Time Marches On....With or Without You


With my birthday this week and my ten year high school reunion next week, I have been thinking about the past.
I was flipping through my high school yearbook when I came across the memorial pages for the two students that died my senior year. Every school has a couple of kids who, for whatever reason, don't make it to graduation. There are car accidents, the "hey look at me" accidents and well, there's always murder. My high school has been no stranger to the sudden deaths of students. My senior year we lost two. Kenny Jarvis was killed in an auto accident involving another student, and Melanie Richey was murdered the summer before our senior year began.
When a student dies in an accident, you recoil at the horror, cry at the funeral and someday, somehow you begin to remember good things. When a child is murdered, it becomes very difficult to get beyond the anger, resentment and grief to find the wonderful memories.
When the complete horror story of Melanie's murder was told, we all realized that we had been sharing lockers, football games and walks in the common area with murderers.
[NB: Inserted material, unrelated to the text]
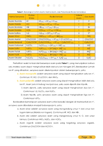 Tabel 1. Beberapa Contoh Asam, Nama Asam, dan Persamaan Reaksi Ionisasinya
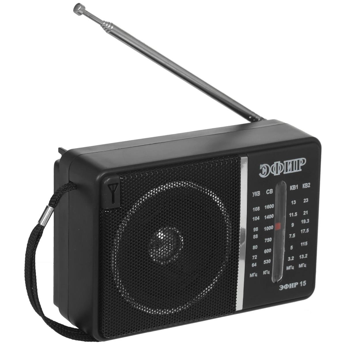 Радиоприемник ЭФИР 15, УКВ 64-108МГц, СВ 530-1600КГц, КВ1,КВ2 бат. 2*R20(D) черный - Интернет-магазин Позитив: бытовая техника, электроника, товары для дома и др.

These were not the guys that 'looked strange'. These were the cute wrestler from out of town, the guy that we had gone to school with since middle school, and the guy from our rival school. We never got the heebie-jeebies from these boys; and we all realized how scary that fact was.
This was not meant to be a rehashing of the horrors of Melanie's murder, or a tome on the dangers of young people driving; it was meant as a warning.
School has just started. For some, it is the beginning of four years in high school, for others it is the end of an era. Please, please be careful. Here are a few things I wish someone had told me when I was in school.
:Your parents will not kill you for being late, so don't drive like Dale to meet curfew.
:Taking drugs, even for the first time can kill you.
:Drinking can kill you in many ways, and they all hurt.
:If something looks wrong, feels wrong, smells wrong; it usually is wrong.
:Burying your friends before graduation sucks.

~Sarah
Written in 2005

5 comments:

  1. From time to time I think about Melanie, and exactly why I randomly ended up here. Not so much because we were friends, we really werent... but that whole thing was just so messed up that I dont think anyone wasnt affected by it in some way. Its been so long and so many people have come and gone from my life and I forget most of them but I honestly think I will always remember her name. Gone but not forgotten.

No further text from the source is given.